┌─ Source records

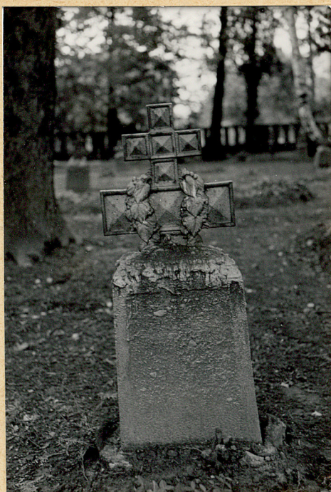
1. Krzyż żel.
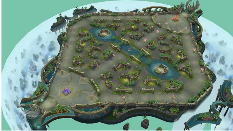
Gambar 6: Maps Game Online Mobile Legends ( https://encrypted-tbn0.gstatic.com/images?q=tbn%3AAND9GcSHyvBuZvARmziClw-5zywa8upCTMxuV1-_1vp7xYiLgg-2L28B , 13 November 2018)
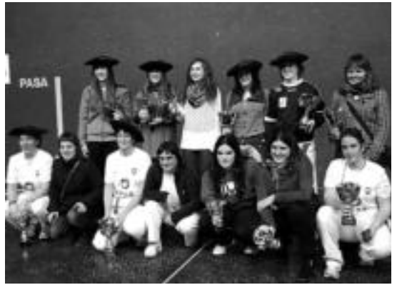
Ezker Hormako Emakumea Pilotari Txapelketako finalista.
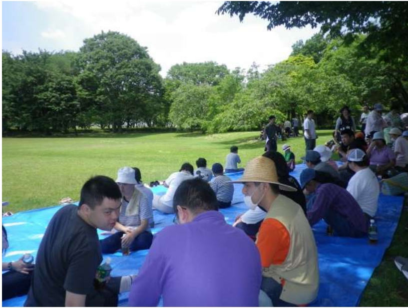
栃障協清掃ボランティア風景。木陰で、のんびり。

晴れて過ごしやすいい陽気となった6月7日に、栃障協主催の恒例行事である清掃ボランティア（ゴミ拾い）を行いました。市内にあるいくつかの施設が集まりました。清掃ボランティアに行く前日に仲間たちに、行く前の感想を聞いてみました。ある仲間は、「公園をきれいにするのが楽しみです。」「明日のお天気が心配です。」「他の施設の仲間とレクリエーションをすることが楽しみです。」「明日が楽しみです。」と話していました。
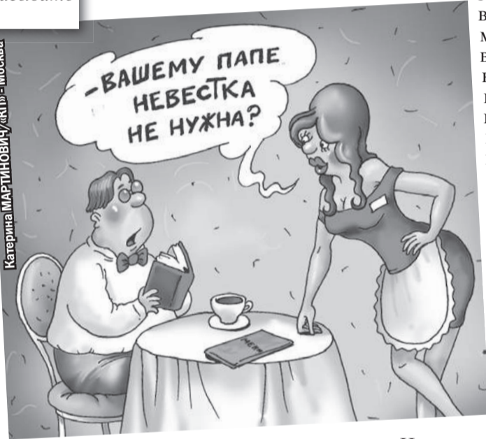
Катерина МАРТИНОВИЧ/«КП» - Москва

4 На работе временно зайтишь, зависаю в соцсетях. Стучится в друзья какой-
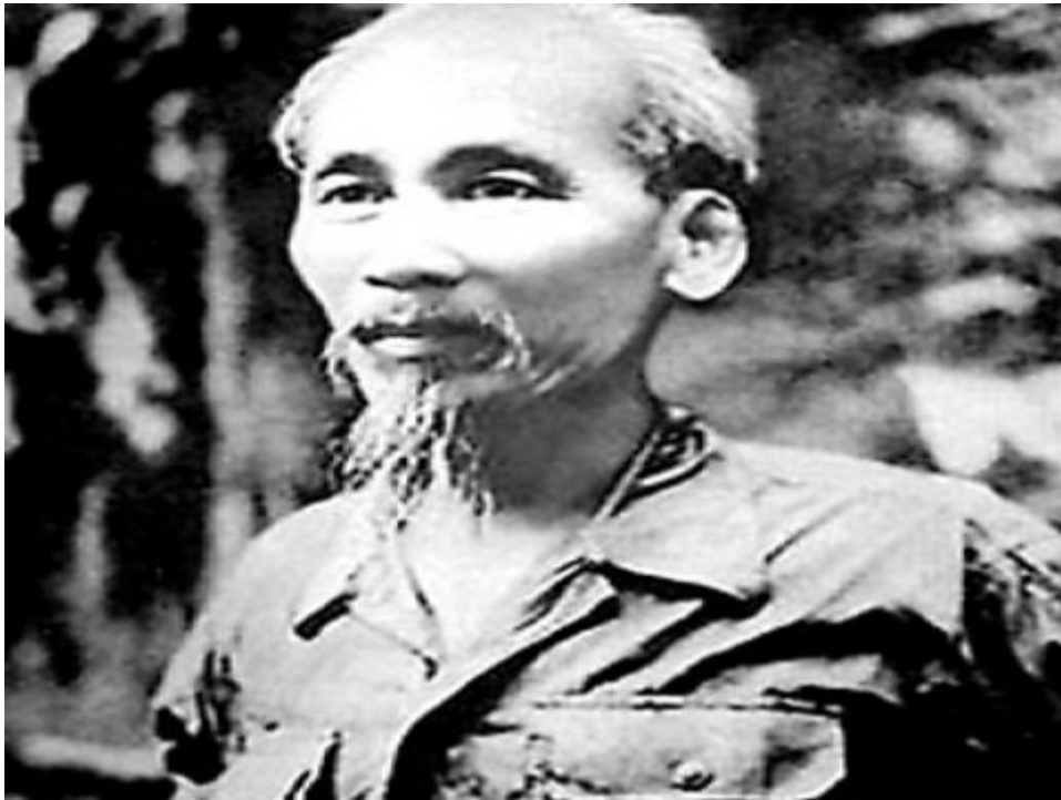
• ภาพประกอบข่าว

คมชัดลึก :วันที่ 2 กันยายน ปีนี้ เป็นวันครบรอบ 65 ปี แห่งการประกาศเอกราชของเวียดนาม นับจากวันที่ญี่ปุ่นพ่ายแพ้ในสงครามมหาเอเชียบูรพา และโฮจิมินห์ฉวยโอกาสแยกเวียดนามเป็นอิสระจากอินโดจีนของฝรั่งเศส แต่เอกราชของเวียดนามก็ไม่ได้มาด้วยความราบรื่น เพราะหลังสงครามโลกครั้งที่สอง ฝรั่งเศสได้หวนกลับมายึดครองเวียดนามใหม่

└─
┌─ Source records

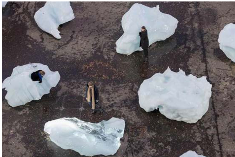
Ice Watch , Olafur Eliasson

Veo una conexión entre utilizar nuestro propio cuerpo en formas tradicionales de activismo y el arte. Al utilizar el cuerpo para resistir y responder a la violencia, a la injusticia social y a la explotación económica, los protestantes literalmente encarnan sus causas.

└─

Exercise:
Excluding any pictures, print exactly the lines of the listing above from the line with "4 На работе" to the line with "คมชัดลึก :วันที่ 2", both ends included.

Solution to this task:
4 На работе временно зайтишь, зависаю в соцсетях. Стучится в друзья какой-
• ภาพประกอบข่าว

คมชัดลึก :วันที่ 2 กันยายน ปีนี้ เป็นวันครบรอบ 65 ปี แห่งการประกาศเอกราชของเวียดนาม นับจากวันที่ญี่ปุ่นพ่ายแพ้ในสงครามมหาเอเชียบูรพา และโฮจิมินห์ฉวยโอกาสแยกเวียดนามเป็นอิสระจากอินโดจีนของฝรั่งเศส แต่เอกราชของเวียดนามก็ไม่ได้มาด้วยความราบรื่น เพราะหลังสงครามโลกครั้งที่สอง ฝรั่งเศสได้หวนกลับมายึดครองเวียดนามใหม่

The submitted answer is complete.